Okay, that's it for now. My five-year-old is begging me to show him graphics from a CD that came with a big book titled, "Cool Stuff Exploded" that shows you the insides of everything from car engines to wind turbines and robots. He wants me to print out some pictures so he can make his own book. :o)

May 5, 2010

What autism cannot do

This weekend, two of my children played in their first piano recital. It's always tricky trying to predict how kids will do under pressure and even trickier when one of them has quirks related to an autistic spectrum disorder.

In my daughter's case, she cannot stand the sound of people clapping or cheering. It is, for her, like nails on a chalkboard, a cacophony of distorted noise that physically hurts her ears and causes her to cry out things like, "Stop, people! Stop that right now!"

Not exactly the sort of reaction anyone expects at something so formal as a piano recital.

So it was with some trepidation that I encouraged my daughter to practice up and hit the stage.

Three short pieces played with absolute perfection later, I found myself clapping madly with tears in my eyes as she not only demonstrated her aptitude for music but bravely withstood the adulation of the audience with nary a wince or a rebuke.

Unless someone else in the audience that day had a child with similar hangups, I daresay no one could appreciate the tremendous strength it took my daughter to endure something that hurts her senses the way the sound of clapping does.

I was proud of her for playing so well. I was even more proud of her for smiling and bowing in the face of a great big fear.

Giving up our kids?

A friend of mine had a recent kerfuffle with the coach of a local youth sports team to which her son belonged. The coach and my friend did not agree on several things, so my friend decided to remove her son from the program.

Fine enough.

As she was discussing this topic with another acquaintance who also homeschools, the woman told my friend that when one enrolls one's child in a competitive sports program one must be willing to give up their child 100 percent to the program's coaches.

I found this interesting and disturbing.

As homeschoolers, one of the hallmarks of our decision to teach our own is that we are not willing to give over our children to the state to receive its version of an education. Likewise, anyone I pay to tutor my children in ballet, piano, or any other subject does not somehow share joint custody of my children with me.

Au contrare.

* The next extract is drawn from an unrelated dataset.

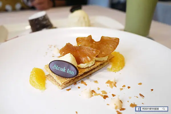 四季水果塔之夏日鳳梨派,雅室以四季水果為主軸,會推出各種期間限定的水果塔,鳯梨派正是目前夏季的酸甜水果代表,以兩塊千層酥皮夾著燉煮至軟綿但帶有纖維的鳳梨內餡,上頭還有用新鮮鳳梨自家烘烤的果乾點綴,旁邊再以橙汁口味的卡士達醬裝飾,口感甜而不膩又非常賞心悅目的一道甜點。

They are hired by me to teach my children something I cannot. They are employed by me, if you want to be technical about it. Do my children become theirs simply because I have hired them to teach a particular skill or subject?

Nope.

The notion that it's okay to give up authority over one's child to another entity for any reason is one that needs to be thought out a little more carefully. It's especially surprising coming from someone who homeschools.

To whom do our children belong?

Update on trashy poster at school

After I 'blogged about what I saw at my local elementary school -- the trashy People magazine cover blown up larger than life and posted on a bulletin board easily viewed by children -- I debated about whether and how to let the school district know my dismay.

I finally decided to back up my concern with words of encouragement to remove the poster, so I contacted the district superintendent's office to let them know my thoughts.

The message was forwarded to the principal of the school in question who promptly and very courteously e-mailed to THANK me for bringing the poster to her attention. Apparently, neither she nor any parent whose child attends the school noticed it, despite its location next to the main entrance.

No matter. The principal let me know the poster had been removed and that she was issuing revised guidelines for the posting of any material on school grounds.

Little victories. I take 'em where I can get 'em.

As for the principal? I only wish every single public ed. administrator in this country was as diligent and interested in parental feedback as she seems to be.